Tuesday, 18 April 2017

What is XML?

  Ø  What is XML?
·         XML is the eXtensible Markup Language.
XML
·         Became a W3C Recommendation in 1998.
·         Tag-based syntax, very much like HTML.
·         We get to make up our own tags (or we can use an existing tag set to solve a particular problem).
·         Foundation for several next-gen Web Technologies like XHTML, RSS (Blogs), AJAX, Web Services.
·         XML does not replace HTML.
  Ø  What does XML do?
·         XML is used to structure and describe information.
·         Intended to be used with the Internet.
·         XML can be used as a way to interchange data between disparate systems.
  Ø  Related XML Technologies:
·         XPath:
ü  eXtensible Path Language.
ü  Used to extract data from inside an XML file.
ü  Uses a path-like syntax, similar to directory or folder paths like “drive:/folder/folder/file”
·         XSLT:
ü  eXtensible Stylesheet Language Transformations.
ü  Styling language that takes an XML file and “transforms” it into  something else, like HTML, PDF, ASCII, or even another XML file.
·         XQuery:
ü  Used to perform query functions on XML data, similar to SQL for databases.
·         XPointer and XLink:
ü  Used for creating hyperlinks to XML documents and arbitrary points within XML documents.
  Ø  Example: Describing Information
·         Typical Information found on a business card:
Santosh Tewari
(415) 555-4567 (mobile)
(800) 555-9876 (work)
(510) 555-1234 (fax)
imstkgp@gmail.com
·         Same business card data, expressed in XML:
<BusinessCard>
            <Name>Santosh Tewari</Name>
<phone type=”mobile”>(415) 555-4567</phone>
<phone type=”work”>(800) 555-9876</phone>
<phone type=”fax”>(510) 555-1234</phone>
<email>imstkgp@gmail.com</email>
                        </BusinessCard>        
  Ø  Advantages Of XML:
·         Content is kept separately from any notion of presentation.

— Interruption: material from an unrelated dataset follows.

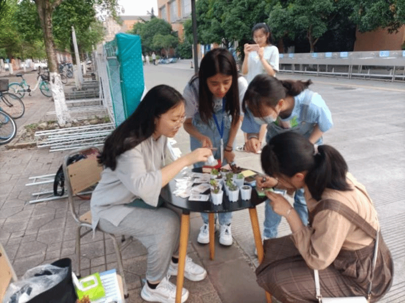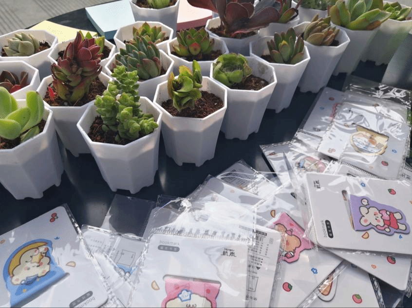 围绕减压减负主题,活动包含以下环节:首先为活动主题和内容介绍。随后,同学们在提供的便利贴上写下自己的烦恼、快乐这些情绪因子,抑或是母亲节的美好祝福,留下自己的烦恼,即可带走由会计学院同学们在劳动素质实践中种植的多肉一盆或者是小书签一个。以期参与者释放不良情绪、有意识去减轻潜在的压力,进一步给参与同学带来良好活动体验和对解压的重视。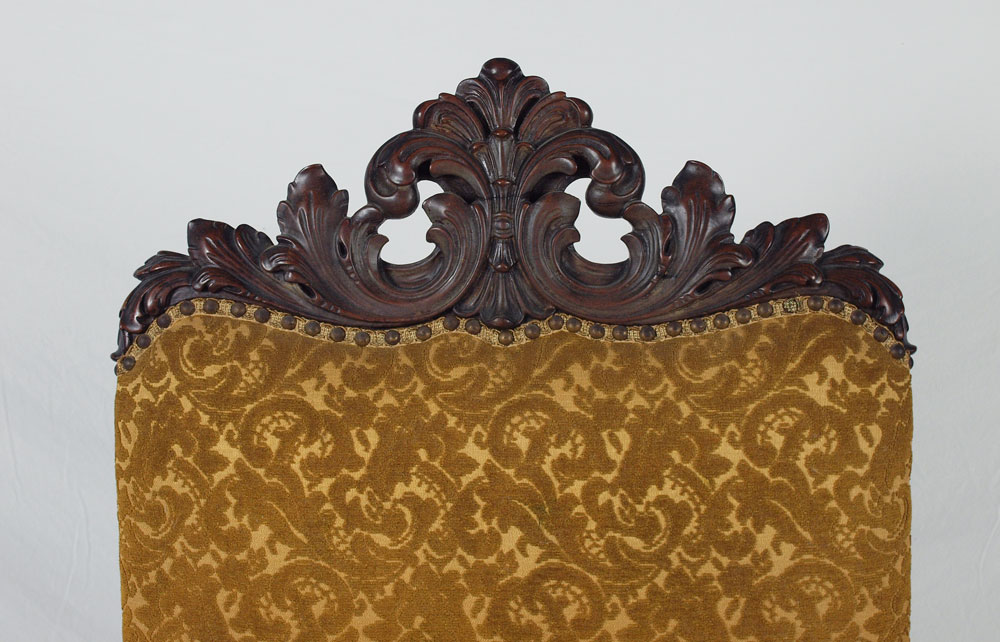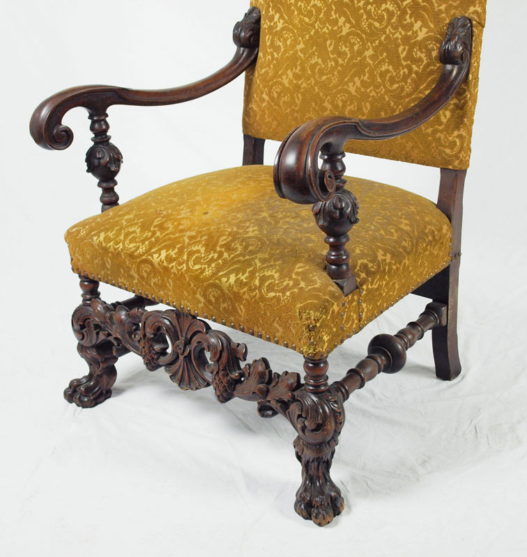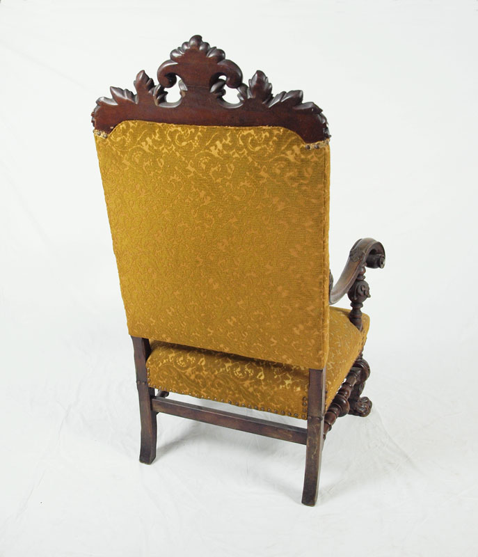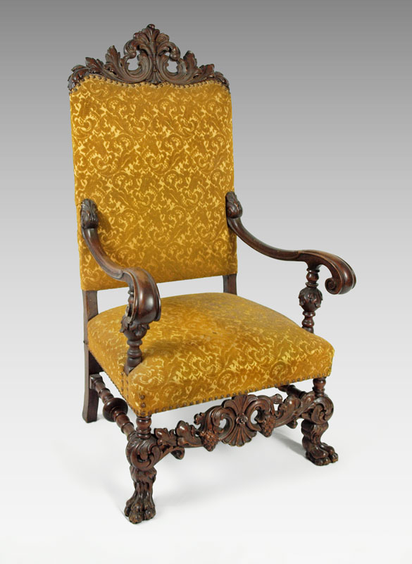 RICHLY CARVED MAHOGANY THRONE CHAIR: Carved crest, rolled arm, carved and open cut base with paw feet, turned stretcher, back and seat upholstered in old gold brocade and studded fabric, 52''h. x 30'' x 31''.

·         Information can be easily read and understood.
·         Specific tag sets that target specific problems can be easily created.
·         XML is an open format that can be processed by any XML aware application, like a browser, word processor, spreadsheet, etc.
·         XML data can be exchanged between systems that were designed to do so.
  Ø  Disadvantages Of XML:
·         XML is not especially good at handling very large amount of data.
·         XML can quickly become more difficult to read if a lot of information is included in one file.
·         Certain types of data (images, other binary data) are not represented well in XML.
  Ø  Proper XML Syntax:
·         All XML documents have a single root tag.
·         XML documents must be “well-formed”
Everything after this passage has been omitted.